Your answer is the lines below, exactly, from the one that contains "充電式補聴器のステップ1と同" through the one that contains "The new feature", both included.

* [Data for the task]

....................

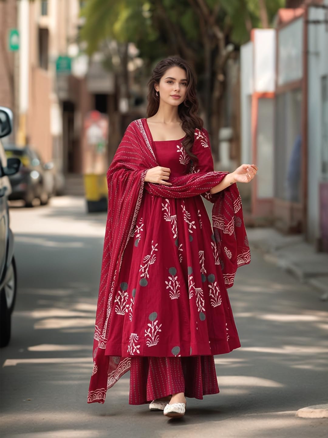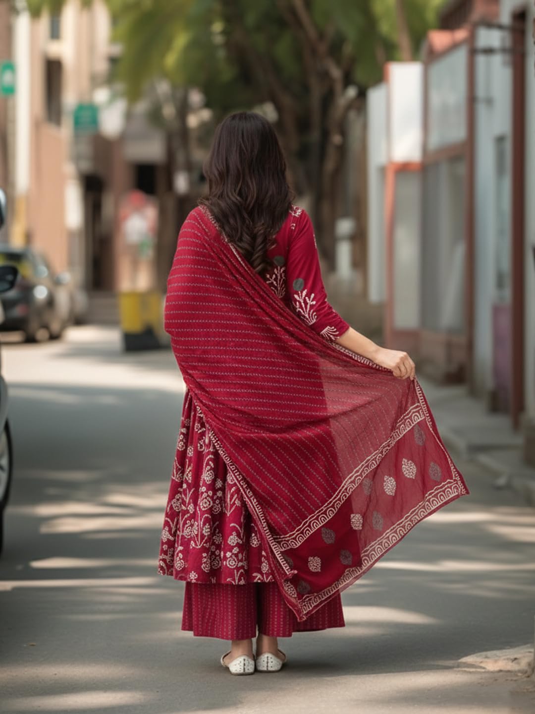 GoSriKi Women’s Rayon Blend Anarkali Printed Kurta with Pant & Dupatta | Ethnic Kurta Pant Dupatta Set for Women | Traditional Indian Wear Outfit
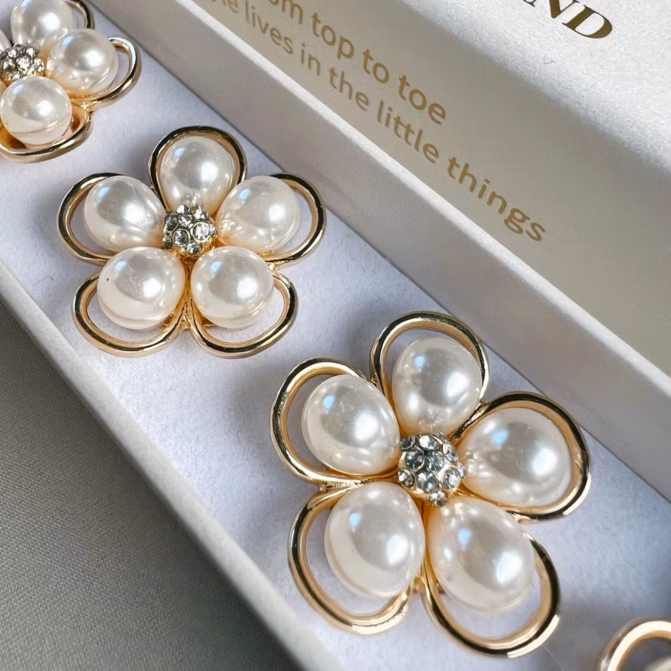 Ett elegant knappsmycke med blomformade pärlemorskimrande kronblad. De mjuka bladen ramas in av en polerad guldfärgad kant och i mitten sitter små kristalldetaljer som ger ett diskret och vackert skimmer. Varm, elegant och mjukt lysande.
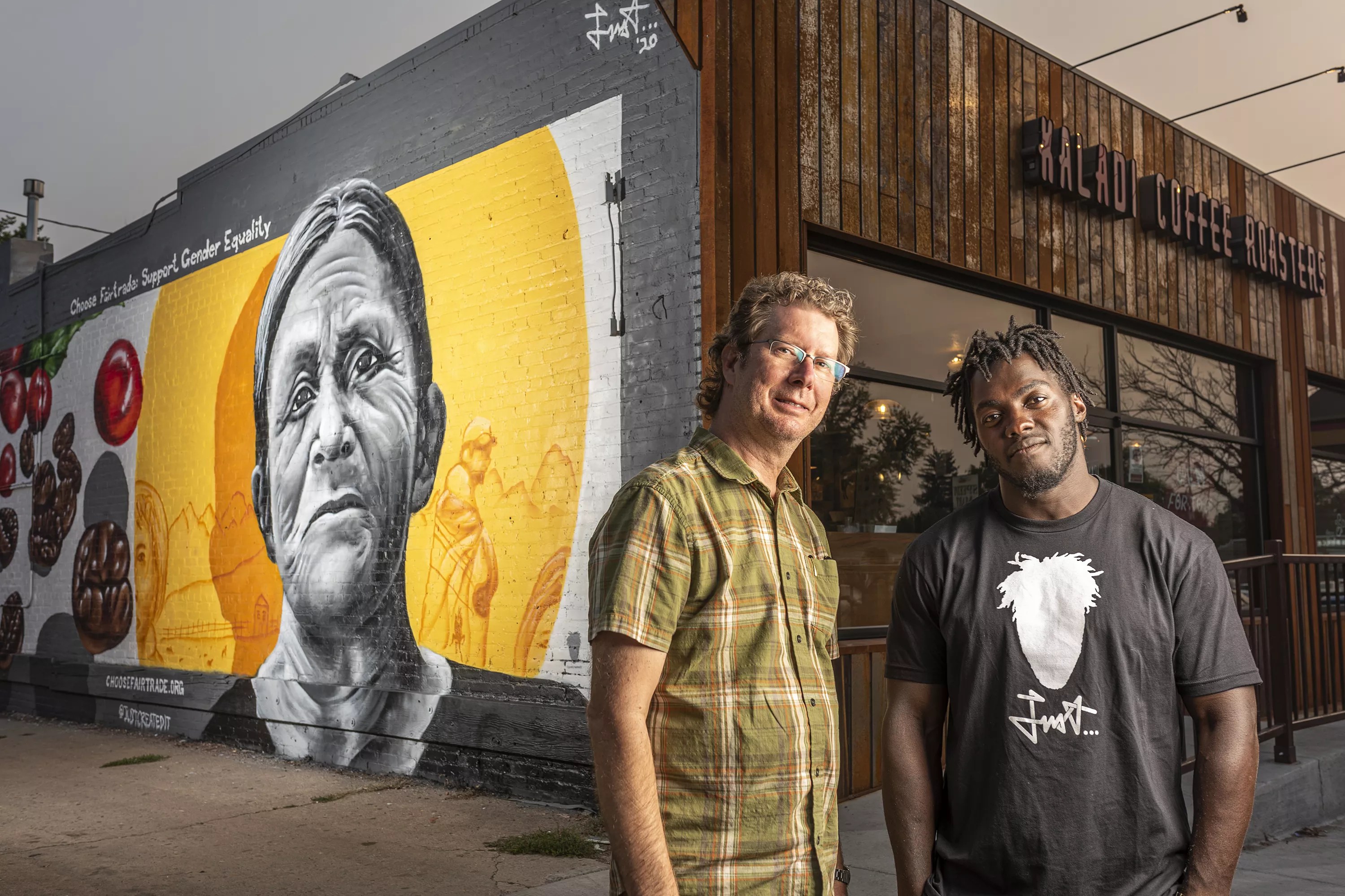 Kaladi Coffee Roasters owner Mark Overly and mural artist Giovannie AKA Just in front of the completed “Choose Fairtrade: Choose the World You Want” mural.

....................

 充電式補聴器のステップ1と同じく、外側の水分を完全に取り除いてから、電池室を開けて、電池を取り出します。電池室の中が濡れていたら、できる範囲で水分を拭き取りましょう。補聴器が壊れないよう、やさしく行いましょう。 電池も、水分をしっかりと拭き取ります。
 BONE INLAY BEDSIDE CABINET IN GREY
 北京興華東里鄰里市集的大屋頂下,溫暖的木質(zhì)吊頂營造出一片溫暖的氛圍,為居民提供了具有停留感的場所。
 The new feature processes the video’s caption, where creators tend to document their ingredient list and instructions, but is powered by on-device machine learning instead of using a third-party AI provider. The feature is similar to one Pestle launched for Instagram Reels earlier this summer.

....................

* [Task output]
 充電式補聴器のステップ1と同じく、外側の水分を完全に取り除いてから、電池室を開けて、電池を取り出します。電池室の中が濡れていたら、できる範囲で水分を拭き取りましょう。補聴器が壊れないよう、やさしく行いましょう。 電池も、水分をしっかりと拭き取ります。
 BONE INLAY BEDSIDE CABINET IN GREY
 北京興華東里鄰里市集的大屋頂下,溫暖的木質(zhì)吊頂營造出一片溫暖的氛圍,為居民提供了具有停留感的場所。
 The new feature processes the video’s caption, where creators tend to document their ingredient list and instructions, but is powered by on-device machine learning instead of using a third-party AI provider. The feature is similar to one Pestle launched for Instagram Reels earlier this summer.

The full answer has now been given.